## Problem to solve
Your task is to restate every entry below word for word and omit the images.
━━ Information supplied
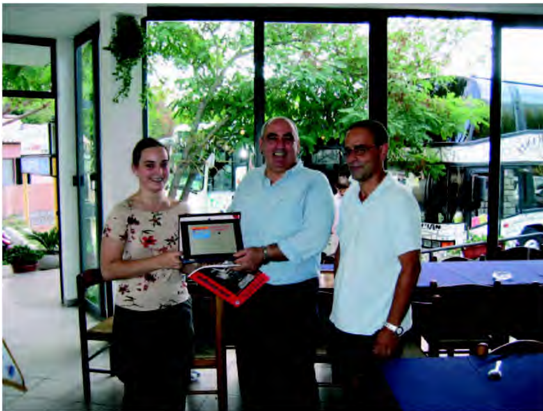
Incontri con le consorelle: sopra La sezione di Seregno sotto quella di Sorano
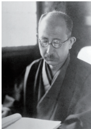
「路傍の石」執筆の頃の山本有三 昭和13年頃 / 応接間にて
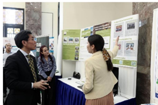
ビジネスマッチング会場視察の様子
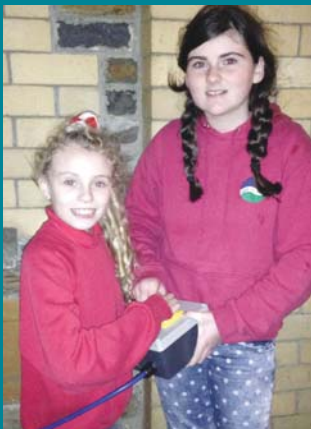
Goleuo Coeden y Pentref
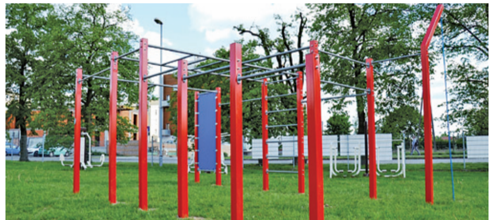
Zestaw do street workoutu to jedna z nowych atrakcji w sąsiedztwie basenu
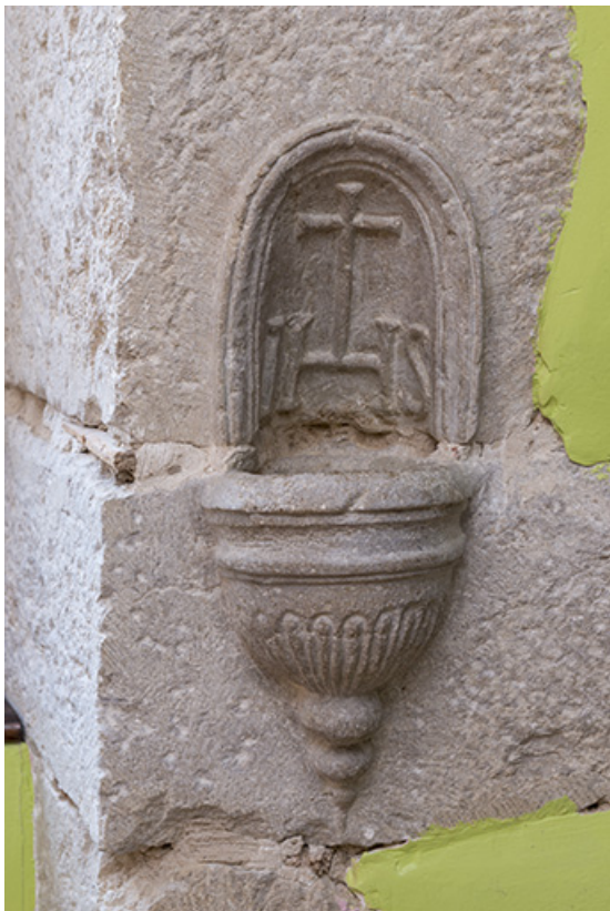
Bénitier taillé dans le calcaire de l'encadrement d'une fenêtre, premier étage (dans une autre chambre). 70, Purgerot rue de la Fontaine carrée
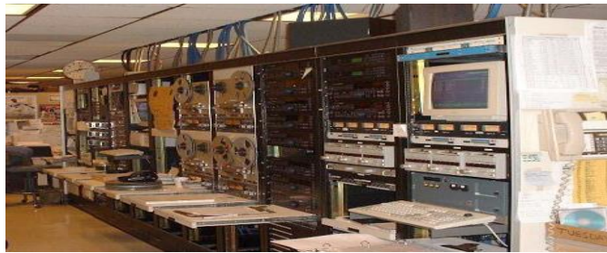
Resim 2.4: Uluslararası radyo istasyonu

TRT radyoları, karasal vericilerle yayın yapmalarının yanında TÜRKSAT 1C uydusundan da yayın yapmaktadır. Ayrıca, Diyarbakır GAP ile Turizm Radyoları da uydu yolu ile de yayınlara vermektedirler. Yayınların tümü internet üzerinden de yayınlanmaktadır.
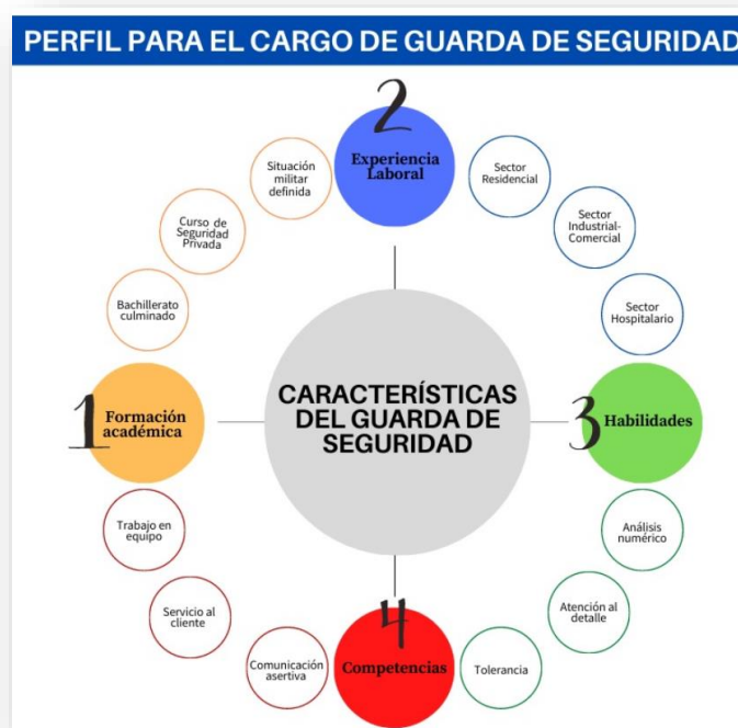
Gráfico 4. Perfil par el cargo de guarda de seguridad
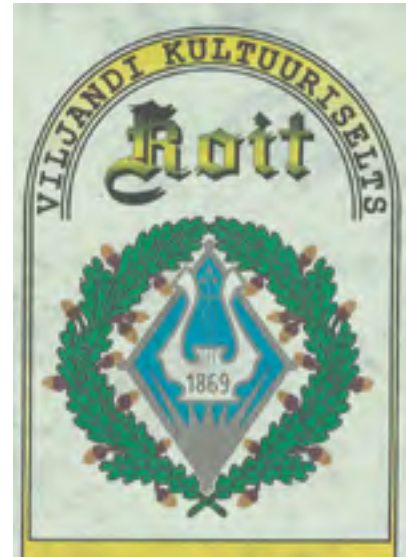
Seltsi logo, 1862.

Esimesel tegevusaastal oli 130 liiget, neist 80 maalt ja 50 linnast. Peeti lauluharjutusi, korraldati pidusid ja kõnekoosolekuid. Esimese kõne pidas J. Kunder vanadest rahvalauludest.
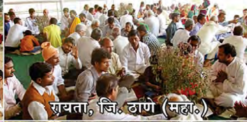
रायता, जि. ठाणे (महा.)
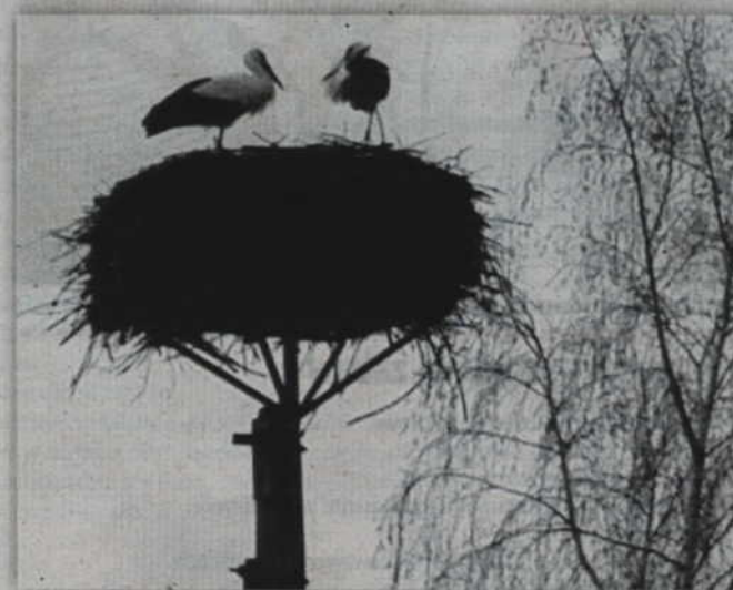
Sfotografowana bociania para zajęła gniazdo w Cyganach (gm. Gardeja).
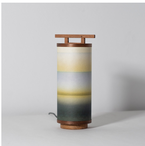
Casti - Vendu
━━━━
## Written answer
Incontri con le consorelle: sopra La sezione di Seregno sotto quella di Sorano
「路傍の石」執筆の頃の山本有三 昭和13年頃 / 応接間にて
ビジネスマッチング会場視察の様子
Goleuo Coeden y Pentref
Zestaw do street workoutu to jedna z nowych atrakcji w sąsiedztwie basenu
Bénitier taillé dans le calcaire de l'encadrement d'une fenêtre, premier étage (dans une autre chambre). 70, Purgerot rue de la Fontaine carrée
Resim 2.4: Uluslararası radyo istasyonu

TRT radyoları, karasal vericilerle yayın yapmalarının yanında TÜRKSAT 1C uydusundan da yayın yapmaktadır. Ayrıca, Diyarbakır GAP ile Turizm Radyoları da uydu yolu ile de yayınlara vermektedirler. Yayınların tümü internet üzerinden de yayınlanmaktadır.
Gráfico 4. Perfil par el cargo de guarda de seguridad
Seltsi logo, 1862.

Esimesel tegevusaastal oli 130 liiget, neist 80 maalt ja 50 linnast. Peeti lauluharjutusi, korraldati pidusid ja kõnekoosolekuid. Esimese kõne pidas J. Kunder vanadest rahvalauludest.
रायता, जि. ठाणे (महा.)
Sfotografowana bociania para zajęła gniazdo w Cyganach (gm. Gardeja).
Casti - Vendu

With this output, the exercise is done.